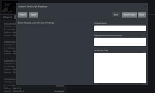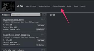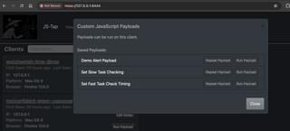 JS-Tap 2.0 has a custom payload C2 system that allows custom JavaScript payloads to be executed on clients. To create JavaScript payloads, you need to open the Custom Payloads UI.
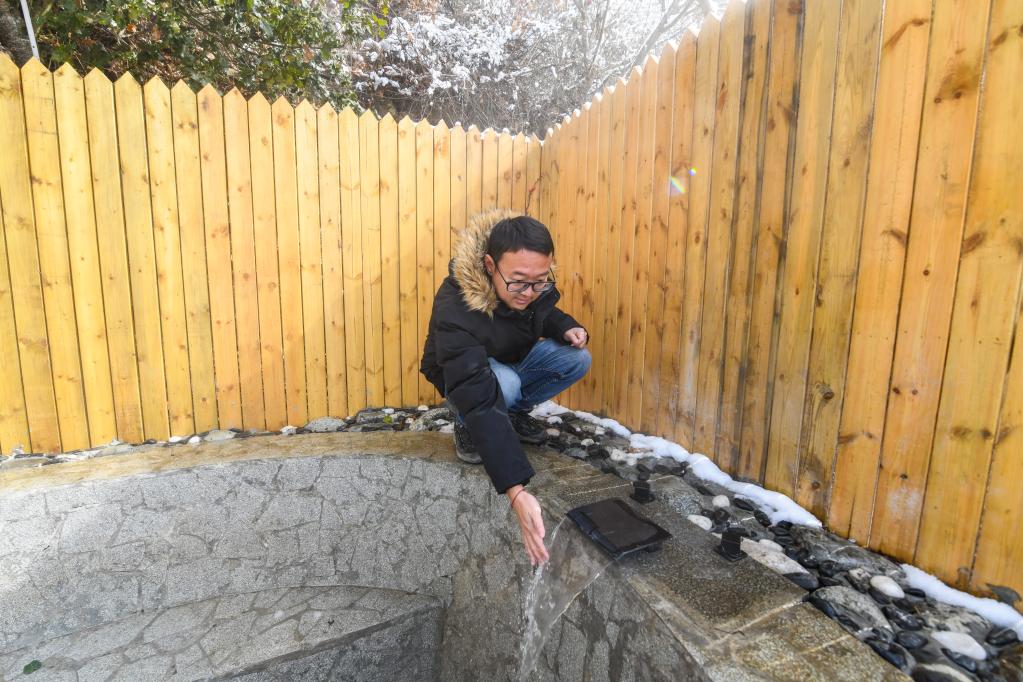 2月9日,鐘毅在小木屋內(nèi)的溫泉浴池旁試水溫。新華社記者 王曦 攝
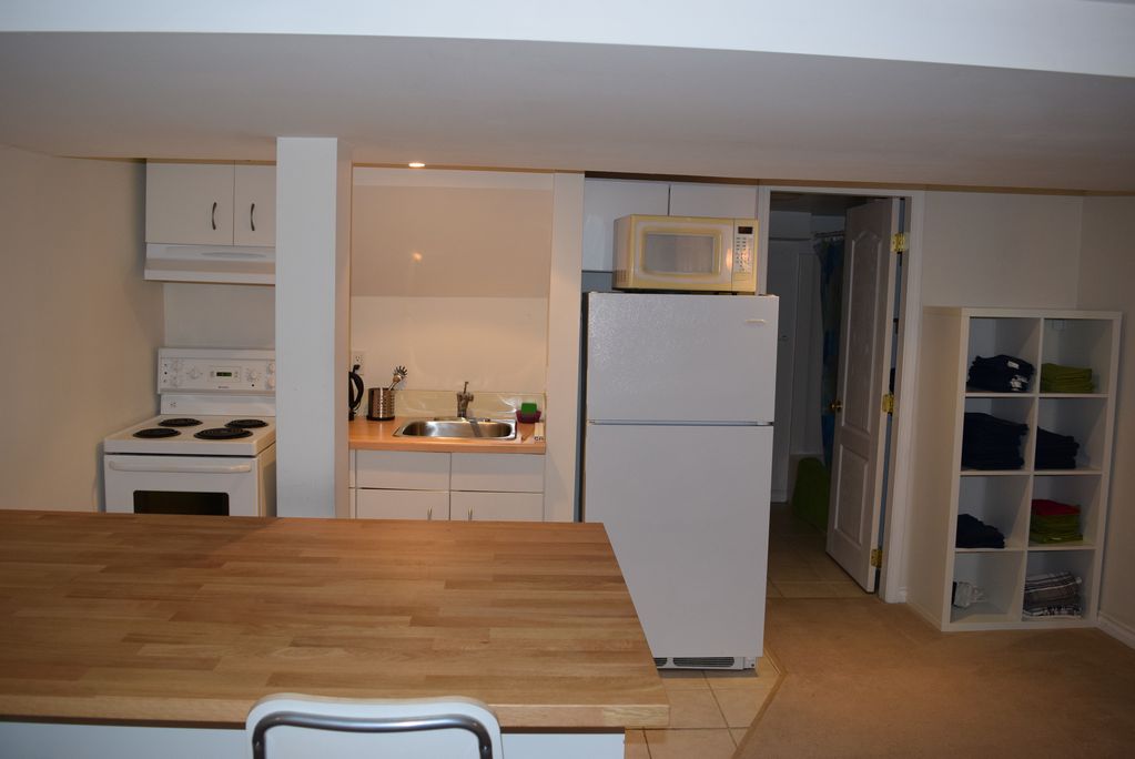 The unit has a shared kitchen, and bathroom. Each Bedroom has a queen size bed, desk, closet, and drawers.

▶ **YOUR OBJECTIVE**: Please produce an exact copy of all the material, leaving out the pictures.

▶ **EXERCISE OUTPUT**:
 JS-Tap 2.0 has a custom payload C2 system that allows custom JavaScript payloads to be executed on clients. To create JavaScript payloads, you need to open the Custom Payloads UI.
 2月9日,鐘毅在小木屋內(nèi)的溫泉浴池旁試水溫。新華社記者 王曦 攝
 The unit has a shared kitchen, and bathroom. Each Bedroom has a queen size bed, desk, closet, and drawers.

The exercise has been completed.